14. Klaten punya cerita.

105 15 0
                                    

"Lho...pak Jeffrey?"

"Tian?"

PJOK✓

"Ya Gusti....bagus banget ya anak mu, Tya. Jebule wes bujang, padahal biyen ngomonge iseh 4 tahun." (Ya Allah.... ganteng banget ya anak mu, Tya. Ternyata udah besar, padahal dulu ngomongnya masih 4 tahun) saat ini, tian, tirta, mamah tian, budhe, pakdhe, serta beberapa orang lainnya tengah berkumpul di ruang tamu.

Mamah tian terkekeh, "Halah, biasa aja kok, Mba. Iki durung pernah tak ajak mriki, biyen pas panjenengan nakokne bocah iki iseh umur 4 tahun. Terus tekan saiki, nembe biso moro merene." (Halah, biasa aja kok, Mba. Ini belum pernah tak ajak kesini, dulu pas panjenengan nanyain anak ini masih 4 tahun. Terus sampai sekarang, baru bisa nyamperin kesini.) mendengar penurutan sang ibu, tian lantas tersenyum manis. Ia merasa malu, kerabat terdekat nya semua berencana berkumpul di sini malam ini.

fyi : Yang 'panjenengan' engga aku ganti, soalnya untuk kata 'panjenengan' sendiri itu memiliki makna 'kamu' dalam bahasa jawa, tapi lebih ke bahasa formal nya. Biasanya kata 'panjenengan' di gunakan buat orang yang derajat nya lebih tinggi atau lebih luhur dari kita ya teman-teman. Misal nya, ke orang yang lebih tua dari kita atau orang di atas kita. Aku gatau bahasa Indonesia formal nya 'panjenengan' itu apa, mau pakai 'anda' takut jatuh nya malah cringe 😭.
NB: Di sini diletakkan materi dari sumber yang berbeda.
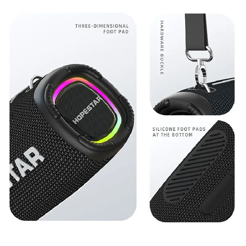 Hopestar A6 MAX – це потужна портативна колонка з насиченим стереозвуком, стильним дизайном та RGB-підсвічуванням. Завдяки високій потужності, якісним динамікам та захисту від вологи IPX6, ця модель ідеально підходить для використання як вдома, так і на вулиці.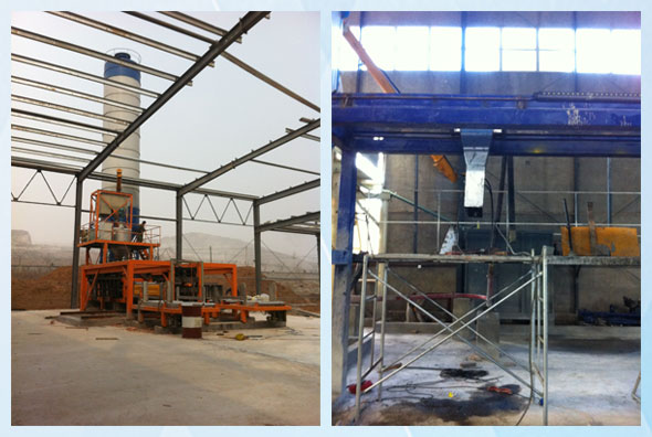 整個過程:配料→攪拌→壓力輸送→澆注入模→上面成型→養護→開模→出板機出板→循環。

"Owalah, iyo yo? Nama nya siapa, Dek?" bapak yang tadi tian dan tirta temui di depan sana tak lain tak bukan adalah pakdhe nya tian. "Nama saya Tian, Pakdhe." tian mengangguk sopan, tak lupa senyuman hangat yang tak pernah luntur dari bibir nya semenjak ia tiba di rumah ini. Harus ramah, biar orang-orang nyaman sama kita.

"Dulu kan si Doni masih 8 tahun, terusan kamu lahiran bocah bagus ini. Iya kan, Pak?" budhe menatap suami nya meminta jawaban. "Iya, dulu itu dek Tya sama Januar masih tinggal di Bandung kalau aku engga salah ingat." tutur pakdhe.

"Lha nek sek satune? Nama nya siapa, Dek?" pakdhe menatap ke arah tirta yang duduk tepat di samping tian. "Nggih, nami kulo Tirta, Pak." (Nama saya Tirta, Pak.) tirta tersenyum dan menganggukkan kepala nya.

"Wah yo, nek iki koyone asli arek jowo. Rumah nya mana, nak Tirta?" budhe tian menatap wajah tirta dengan seksama, tetap cakep. Masyaallah. "Ampun di panggil Tirta mawon, Bu. Griyo kulo nggih teng Jogja, kulo asli Jogja." (Bisa di panggil Tirta aja, Bu. Rumah saya di Jogja, saya asli Jogja.) tirta hanya tersenyum malu, sudah tertebak jelas tentu saja dari mana ia berasal.

Orang-orang yang berada di ruangan itu bersorak, "Pantes, kaya engga asing sama muka nya. Ternyata masjh tetanggaan ya, Le?" pakdhe menepuk pundak tirta. Dan di balas kekehan ringan dari sang empuh.

"Arek Jogja asli itu, sama tian udah kayak kucing sama tikus kalau ketemu, engga pernah akur." timpal mamah tian, hingga orang-orang di sana tertawa ringan. Engga usah di jelasin, udah kelihatan kalau tian sama tirta sering gelut.

"Kelas piro ta, Dek?" (Kelas berapa, Dek?) tanya budhe kepada tian dan tirta. "Inggih—

"Kelas 11, lha opo...iki gurune ndek sini, kok." (Lah apa... ini gurunya di sini, kok.) mereka reflek mengalihkan atensi nya ke arah pria jakung yang duduk bersebelahan dengan pria yang tubuh nya hampir sama. Pria itu tersenyum malu, setelan batik, celana panjang kasual, dan jangan lupa rambut yang di sisir rapih membuat ketampanan pria itu bertambah berkali-kali lipat.